To do
Using the data below, return word for word every line from the one holding "Painted Ceramic John" down to the one holding "PENDIENTES PLATA RODIO". Leave pictures out.

Records provided

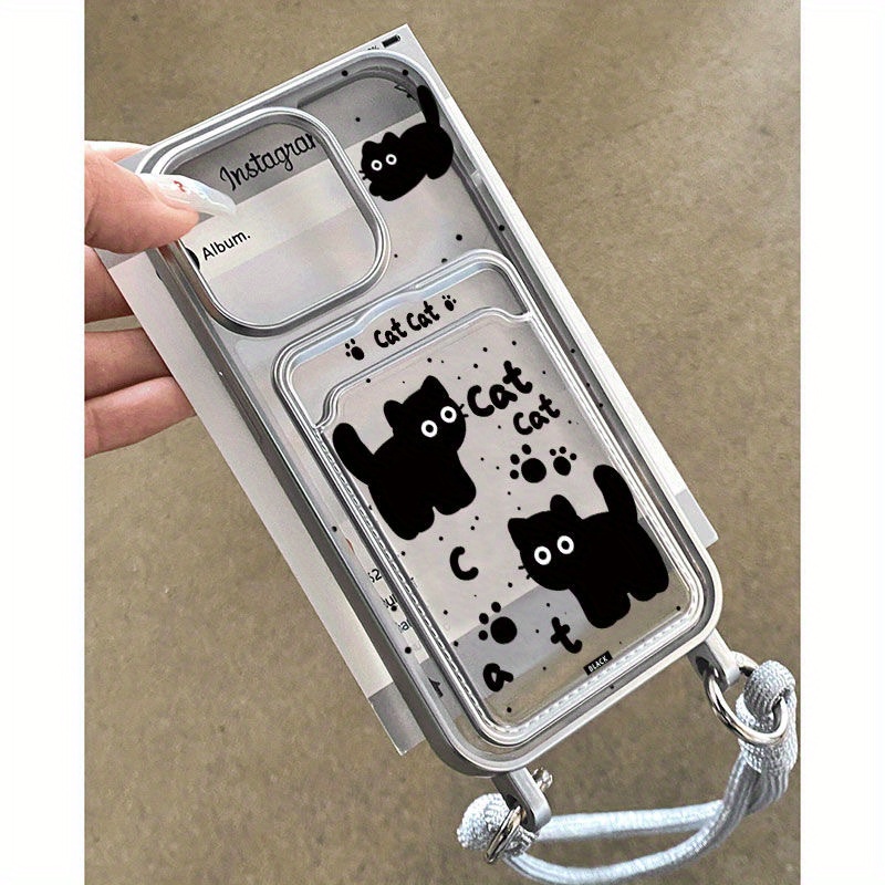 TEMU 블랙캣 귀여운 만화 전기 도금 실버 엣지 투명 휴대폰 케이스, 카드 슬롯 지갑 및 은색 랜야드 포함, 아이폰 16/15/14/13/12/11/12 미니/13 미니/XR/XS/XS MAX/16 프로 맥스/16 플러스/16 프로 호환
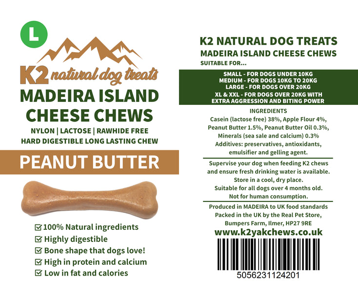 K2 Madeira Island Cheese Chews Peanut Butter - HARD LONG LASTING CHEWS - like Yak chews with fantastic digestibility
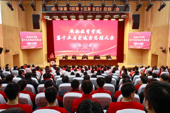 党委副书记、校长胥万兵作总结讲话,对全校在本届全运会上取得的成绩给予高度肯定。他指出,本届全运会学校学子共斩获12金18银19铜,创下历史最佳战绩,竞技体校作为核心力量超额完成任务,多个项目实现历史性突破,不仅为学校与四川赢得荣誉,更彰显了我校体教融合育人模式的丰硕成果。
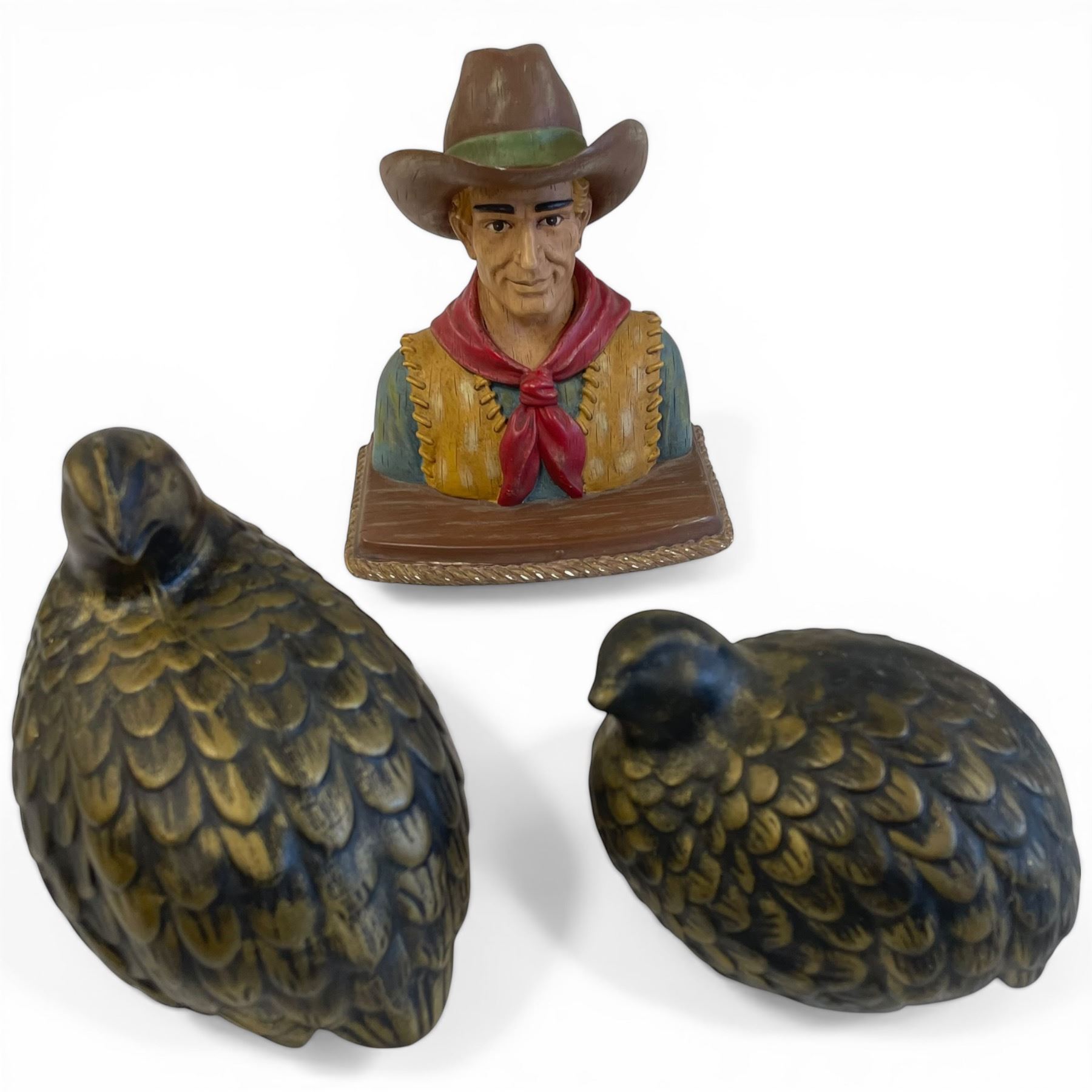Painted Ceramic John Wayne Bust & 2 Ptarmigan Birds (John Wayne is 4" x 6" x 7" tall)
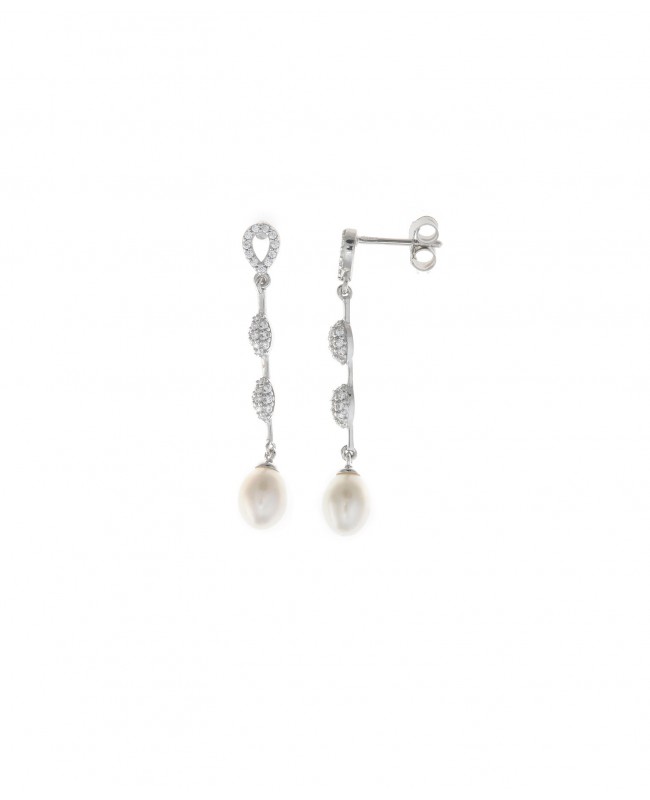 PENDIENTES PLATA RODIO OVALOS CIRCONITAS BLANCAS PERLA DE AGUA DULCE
---
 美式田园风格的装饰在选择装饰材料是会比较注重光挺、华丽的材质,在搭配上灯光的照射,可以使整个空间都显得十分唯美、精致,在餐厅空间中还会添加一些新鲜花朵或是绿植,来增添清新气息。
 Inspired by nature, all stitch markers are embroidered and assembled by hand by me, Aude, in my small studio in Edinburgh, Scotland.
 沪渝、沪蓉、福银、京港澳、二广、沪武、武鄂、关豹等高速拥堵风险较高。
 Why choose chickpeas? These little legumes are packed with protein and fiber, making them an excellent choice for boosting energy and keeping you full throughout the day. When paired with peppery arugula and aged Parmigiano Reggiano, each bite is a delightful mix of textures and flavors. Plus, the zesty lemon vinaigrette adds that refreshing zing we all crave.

Response area
Painted Ceramic John Wayne Bust & 2 Ptarmigan Birds (John Wayne is 4" x 6" x 7" tall)
 PENDIENTES PLATA RODIO OVALOS CIRCONITAS BLANCAS PERLA DE AGUA DULCE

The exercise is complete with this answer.